Oh he would love her too but he would completely torment poor Maggie! He's such a daft, hyper boy! He's the one at the puppy class that's let off the lead last!  Hoping he calms down with age. Don't get me wrong I love the energy and fun we get with him but I don't think visitors share the same enthusiasm when he wants to sit on them for cuddles! lol!
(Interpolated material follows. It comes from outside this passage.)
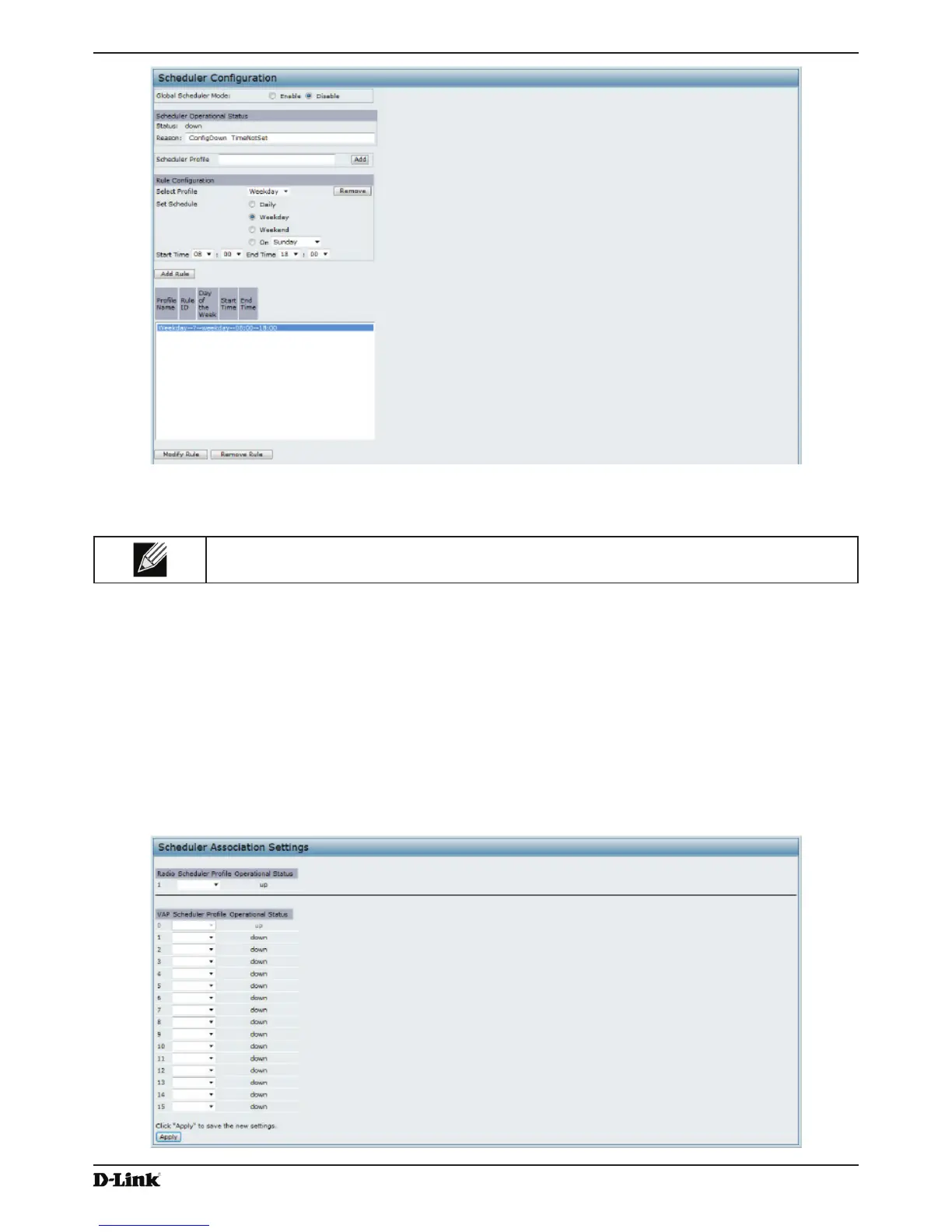 to a radio or VAP conîšżguration. Only one Scheduler proîšżle can be associated to any radio or VAP conîšżguration;

Hows Maggie doing? Have you got any recent pics on? I love looking at everyones pics - I'm so nosey! 

Laura


----------



## RachyBobs (Oct 18, 2009)

Hes gorgoeus!!! :001_wub: what a charmer... :001_wub:


----------



## Sarahnorris (Dec 1, 2008)

hes soooo cute!


----------



## corrine3 (Feb 22, 2009)

very handsome!


----------



## lauz_1982 (Dec 14, 2009)

RachyBobs said:


> Hes gorgoeus!!! :001_wub: what a charmer... :001_wub:


Thank you! I think he knows that he is too! lol! I say he's getting big but he would still be teeny to what you're used to! 



Sarahnorris said:


> hes soooo cute!





corrine3 said:


> very handsome!


Thank you!

Laura


----------



## Gertrude (Feb 7, 2010)

He's gawgus xxx Love him!
.


----------



## lauz_1982 (Dec 14, 2009)

Gertrude said:


> He's gawgus xxx Love him!
> .


Thank you! I do too so you'd have to fight me for him! 

Laura


----------



## mitch4 (Oct 31, 2009)

my my what a stunning boy and a beautiful coat


----------



## lauz_1982 (Dec 14, 2009)

mitch4 said:


> my my what a stunning boy and a beautiful coat


Thank you!

I spoke to the vet when he was last getting wormed about him scratching all the time. I had given him the flea treatment and was checking him every two minutes and was really paranoid. She said it wasn't fleas just that his adult coat was coming through quite dry and to try cod liver oil. I bought the solvitax stuff in the bottle and he gets a little of that every morning and it's made a huge difference to him! My Mum and Dad's collie x gsd suffers from dry skin especially when getting winter coat/getting rid of winter coat and the oil made a difference to her too. Doesn't cost much at all.

Laura


----------



## mitch4 (Oct 31, 2009)

well his coat looks super


----------



## lauz_1982 (Dec 14, 2009)

mitch4 said:


> well his coat looks super


Thank you!

Laura


----------